→ **WHAT THE EXERCISE ASKS**
When you repeat the records, keep every word exact and drop each picture.

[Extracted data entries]
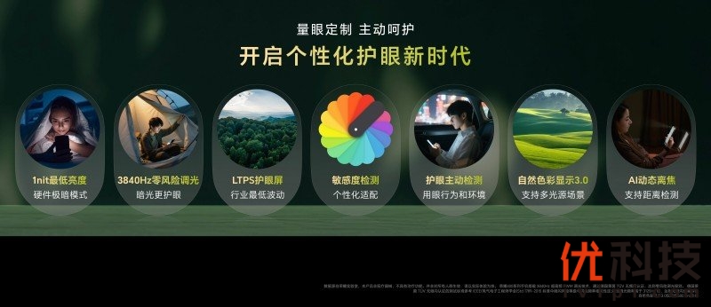 荣耀持续引领行业护眼赛道,荣耀500系列支持九大荣耀绿洲护眼特性,覆盖了自然光的波动、频闪、亮度、节律、光谱和色彩六大视觉维度,还提供了AI离焦护眼、AI干眼友好和晕动舒缓显示三大辅助护眼功能,不仅对于不良用眼行为进行主动提醒,还能智能检测不良环境光源,为用户构建对眼睛更加友好的居住和办公环境。
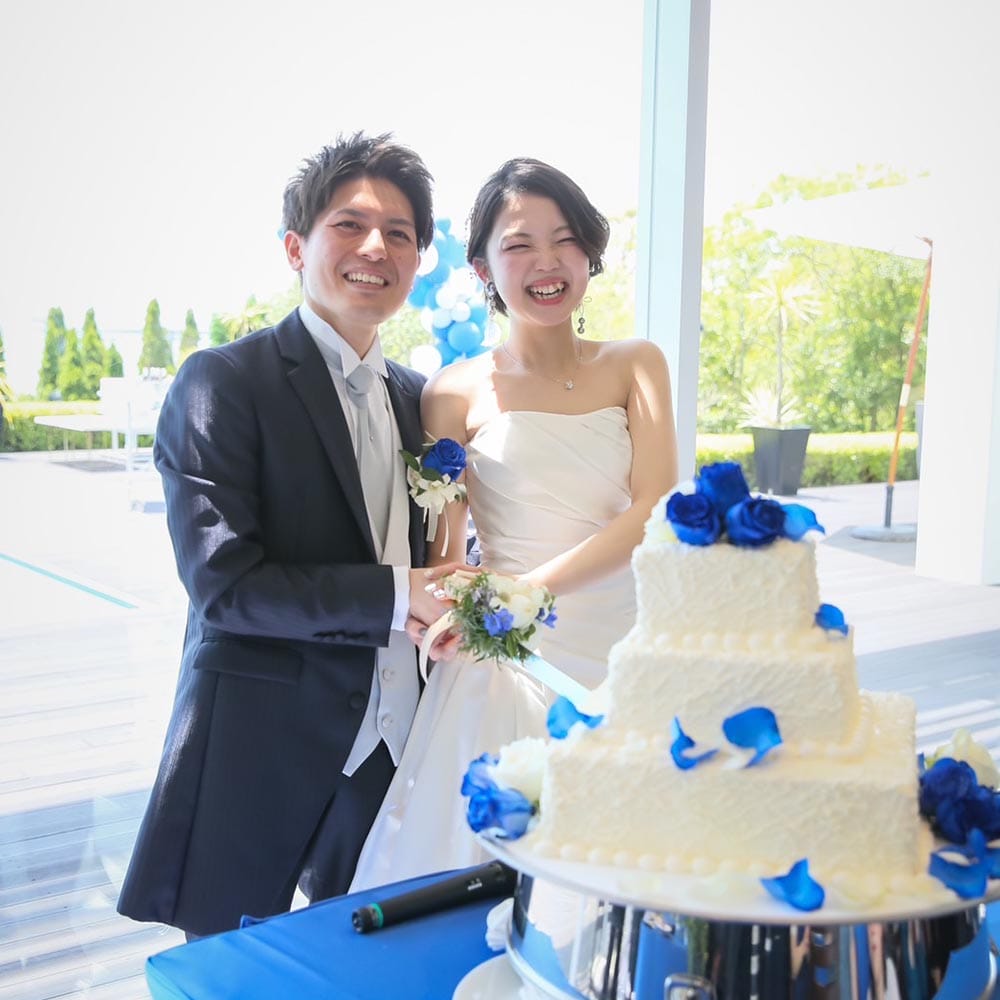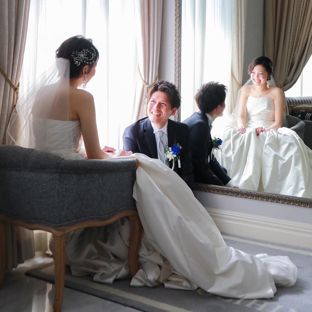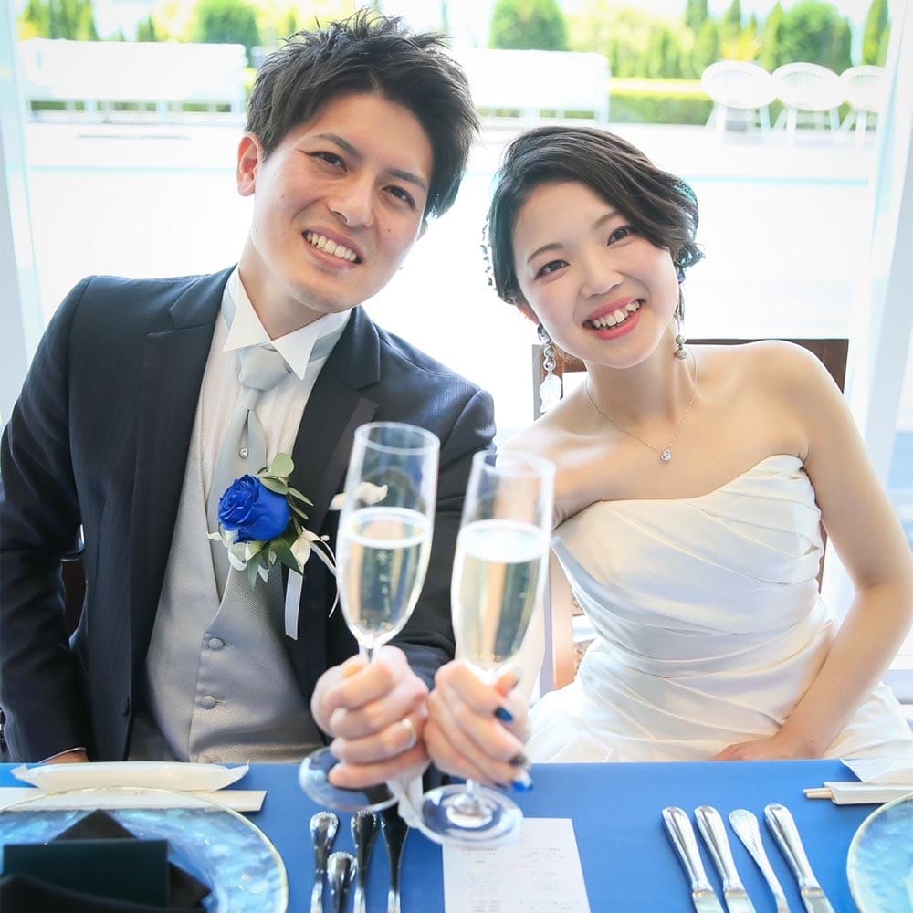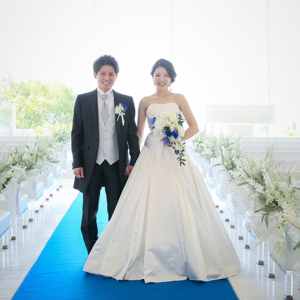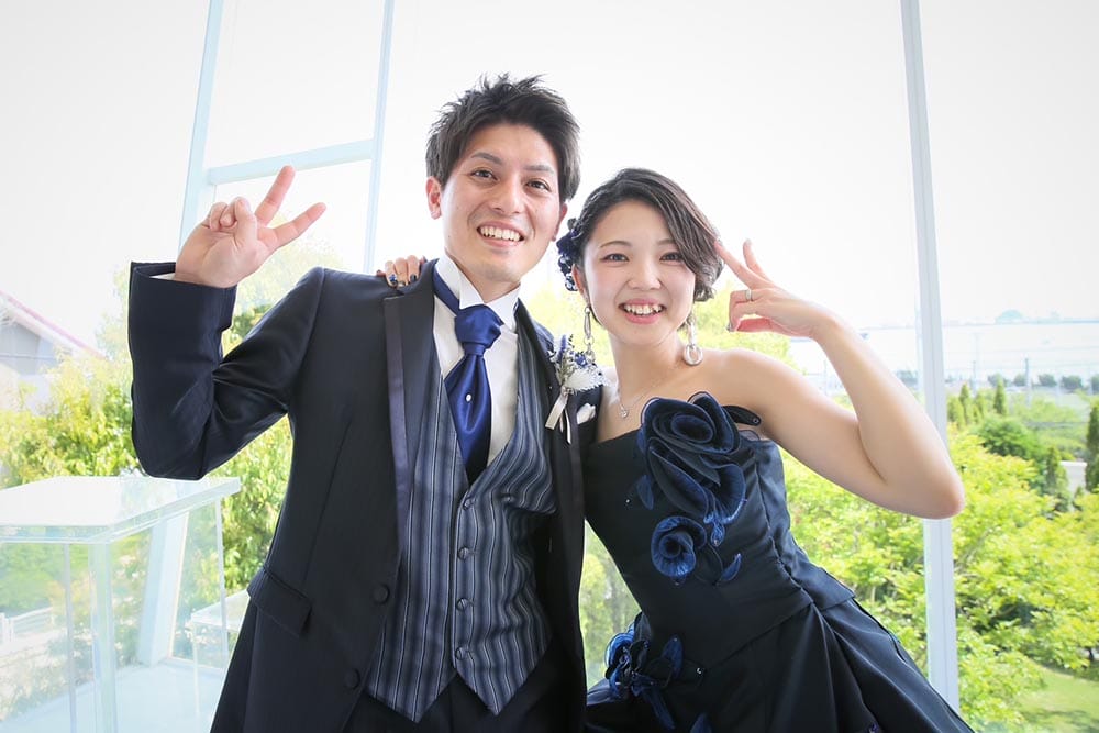 新郎新婦でカラーがリンクしてるのでスッキリとしたおしゃれな着こなし。
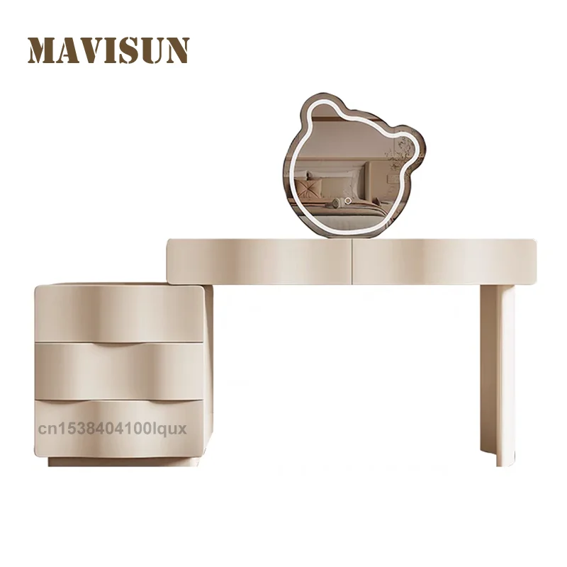 B.Features an adorable bear - shaped LED mirror, providing soft and flattering lighting.
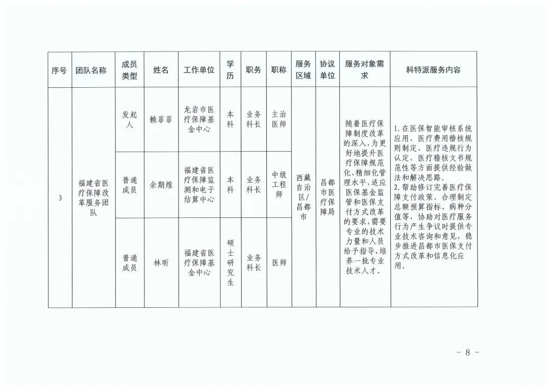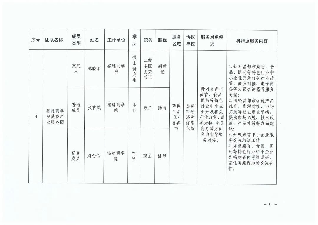 福建省第十批援藏工作队、昌都市有关部门和科技需求单位负责科技特派员入藏现场服务的管理和保障,我厅将配合对科技特派员开展科技援藏情况进行跟踪和考核。
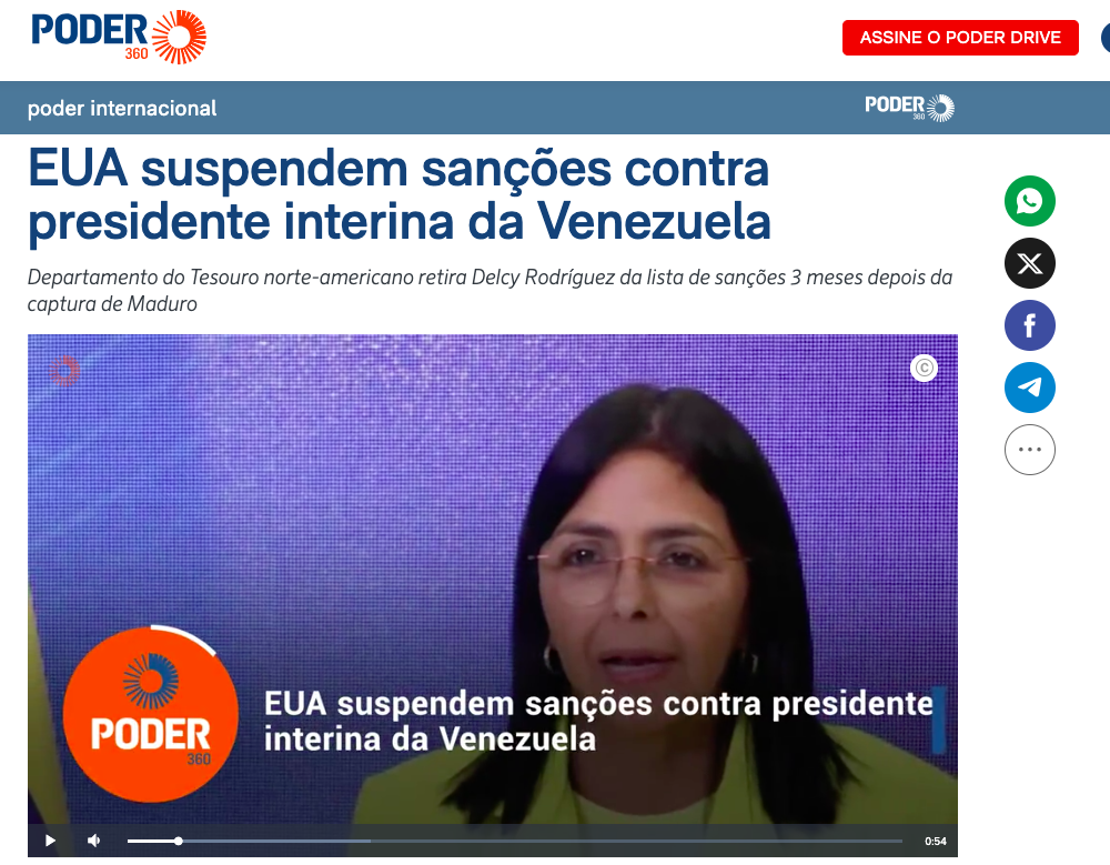 Os Estados Unidos suspenderam, nesta quarta-feira (1º de abril de 2026), as sanções impostas à presidente interina da Venezuela, Delcy Rodríguez. O Departamento do Tesouro norte-americano removeu oficialmente o nome dela da lista do Escritório de Controle de Ativos Estrangeiros (OFAC), encerrando as restrições que vigoravam desde 2018, de acordo com a matéria do PODER 360.
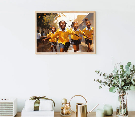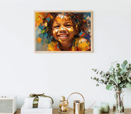 Vibrant African Kid Art Print - Happy Black Canvas Home Decor Gift
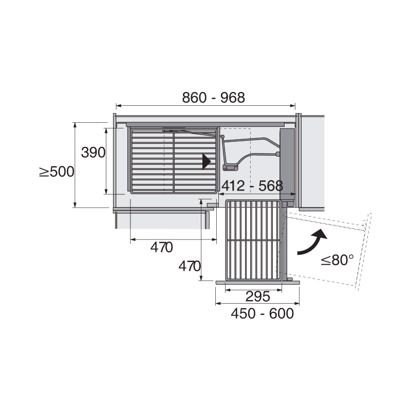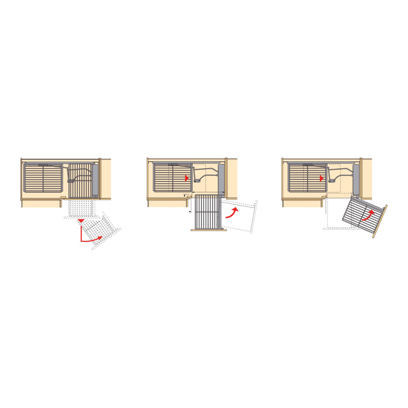 La ferrure fonctionne automatiquement, le cadre avant coulisse hors du meuble.Lors de son extension maximum, le cadre pivote latéralement, faisant ainsi coulisser face à l'ouverture, la partie de la ferrure située dans l'angle mort du meuble.Ouverture assistée.Fermeture silencieuse.Rangement possible dans l'angle mort.Amortisseur intégré.Retour automatique en fin de course.Non réversible.
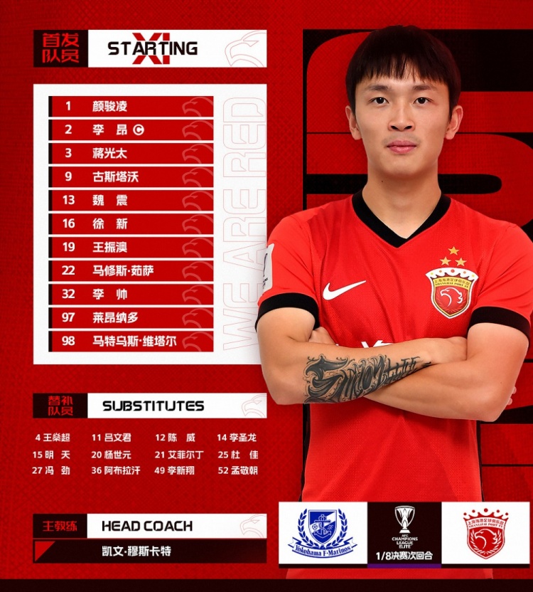 今日首发——亚冠精英联赛1/8决赛次回合,横滨水手vs上海海港

→ **OUTPUT**
 荣耀持续引领行业护眼赛道,荣耀500系列支持九大荣耀绿洲护眼特性,覆盖了自然光的波动、频闪、亮度、节律、光谱和色彩六大视觉维度,还提供了AI离焦护眼、AI干眼友好和晕动舒缓显示三大辅助护眼功能,不仅对于不良用眼行为进行主动提醒,还能智能检测不良环境光源,为用户构建对眼睛更加友好的居住和办公环境。
 新郎新婦でカラーがリンクしてるのでスッキリとしたおしゃれな着こなし。
 B.Features an adorable bear - shaped LED mirror, providing soft and flattering lighting.
 福建省第十批援藏工作队、昌都市有关部门和科技需求单位负责科技特派员入藏现场服务的管理和保障,我厅将配合对科技特派员开展科技援藏情况进行跟踪和考核。
 Os Estados Unidos suspenderam, nesta quarta-feira (1º de abril de 2026), as sanções impostas à presidente interina da Venezuela, Delcy Rodríguez. O Departamento do Tesouro norte-americano removeu oficialmente o nome dela da lista do Escritório de Controle de Ativos Estrangeiros (OFAC), encerrando as restrições que vigoravam desde 2018, de acordo com a matéria do PODER 360.
 Vibrant African Kid Art Print - Happy Black Canvas Home Decor Gift
 La ferrure fonctionne automatiquement, le cadre avant coulisse hors du meuble.Lors de son extension maximum, le cadre pivote latéralement, faisant ainsi coulisser face à l'ouverture, la partie de la ferrure située dans l'angle mort du meuble.Ouverture assistée.Fermeture silencieuse.Rangement possible dans l'angle mort.Amortisseur intégré.Retour automatique en fin de course.Non réversible.
 今日首发——亚冠精英联赛1/8决赛次回合,横滨水手vs上海海港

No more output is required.